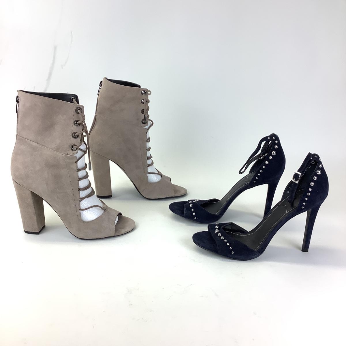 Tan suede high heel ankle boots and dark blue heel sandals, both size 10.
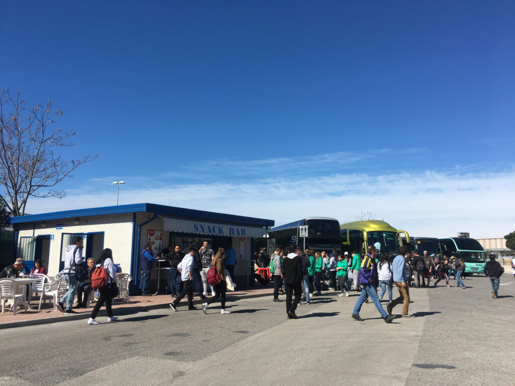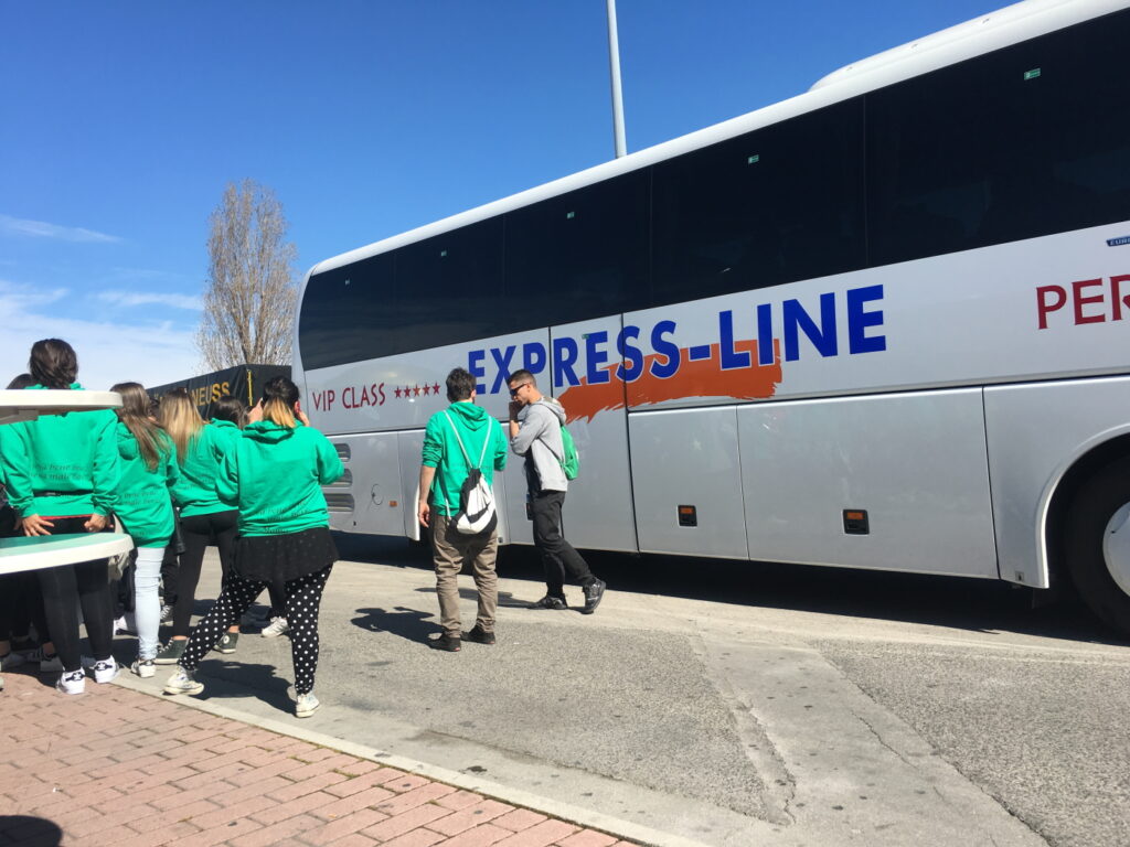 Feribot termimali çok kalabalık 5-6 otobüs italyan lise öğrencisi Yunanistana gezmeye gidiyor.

---

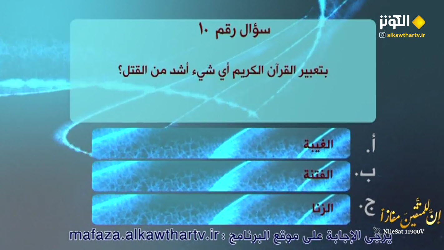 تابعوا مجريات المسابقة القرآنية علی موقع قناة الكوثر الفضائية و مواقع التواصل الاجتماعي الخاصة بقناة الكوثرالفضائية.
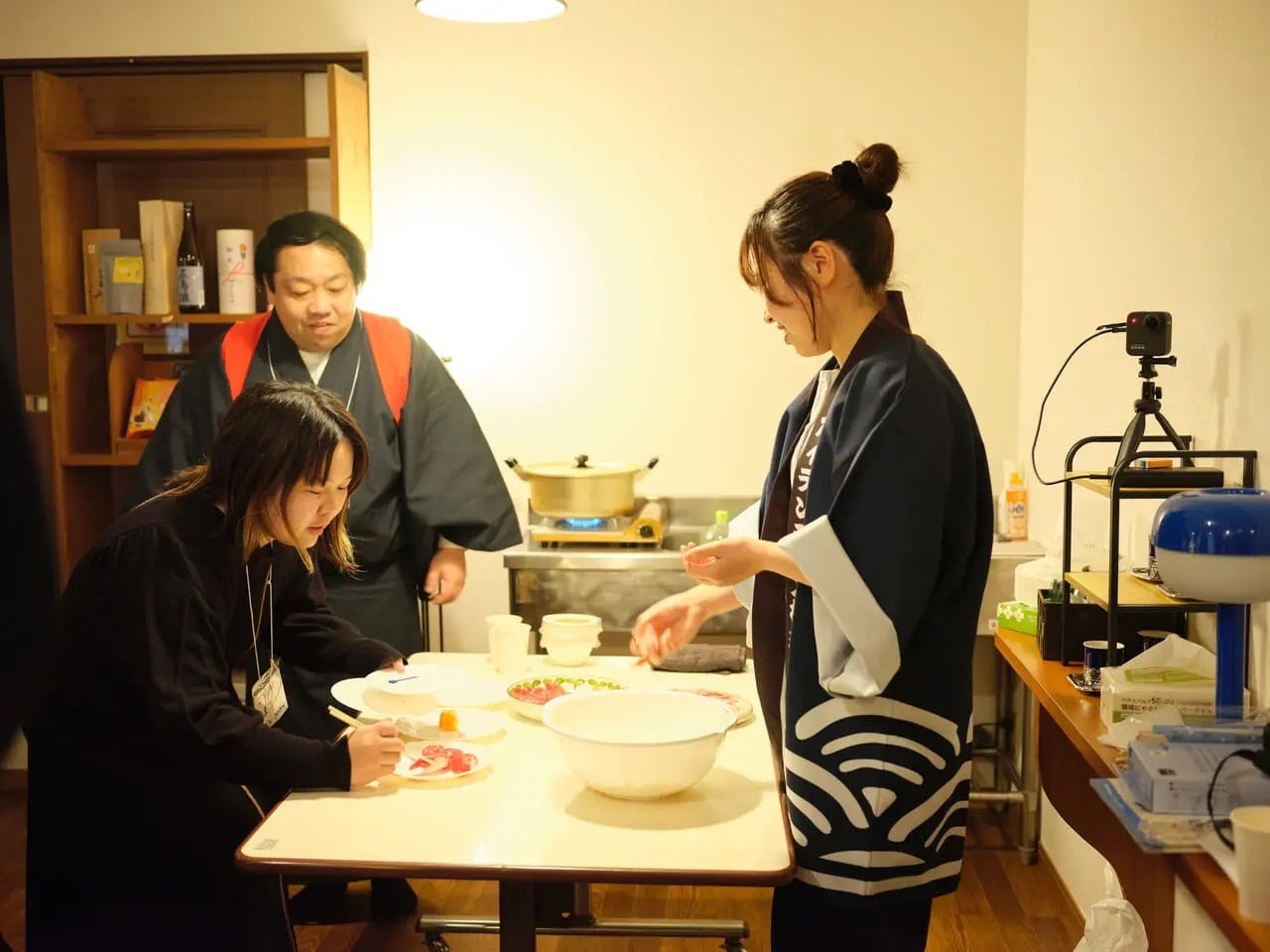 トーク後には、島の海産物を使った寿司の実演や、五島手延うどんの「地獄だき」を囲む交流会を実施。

==

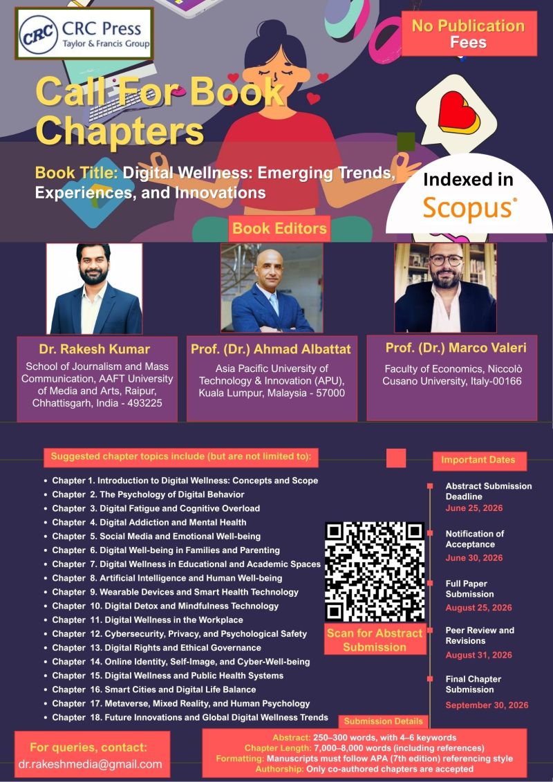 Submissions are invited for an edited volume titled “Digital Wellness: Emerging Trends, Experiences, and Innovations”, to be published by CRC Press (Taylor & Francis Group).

-- Problem details --
What do the entries above read from the line containing "Tan suede high" through the line containing "Feribot termimali çok"? Output those lines exactly, both ends included, with the pictures left out.

-- Reply --
 Tan suede high heel ankle boots and dark blue heel sandals, both size 10.
 Feribot termimali çok kalabalık 5-6 otobüs italyan lise öğrencisi Yunanistana gezmeye gidiyor.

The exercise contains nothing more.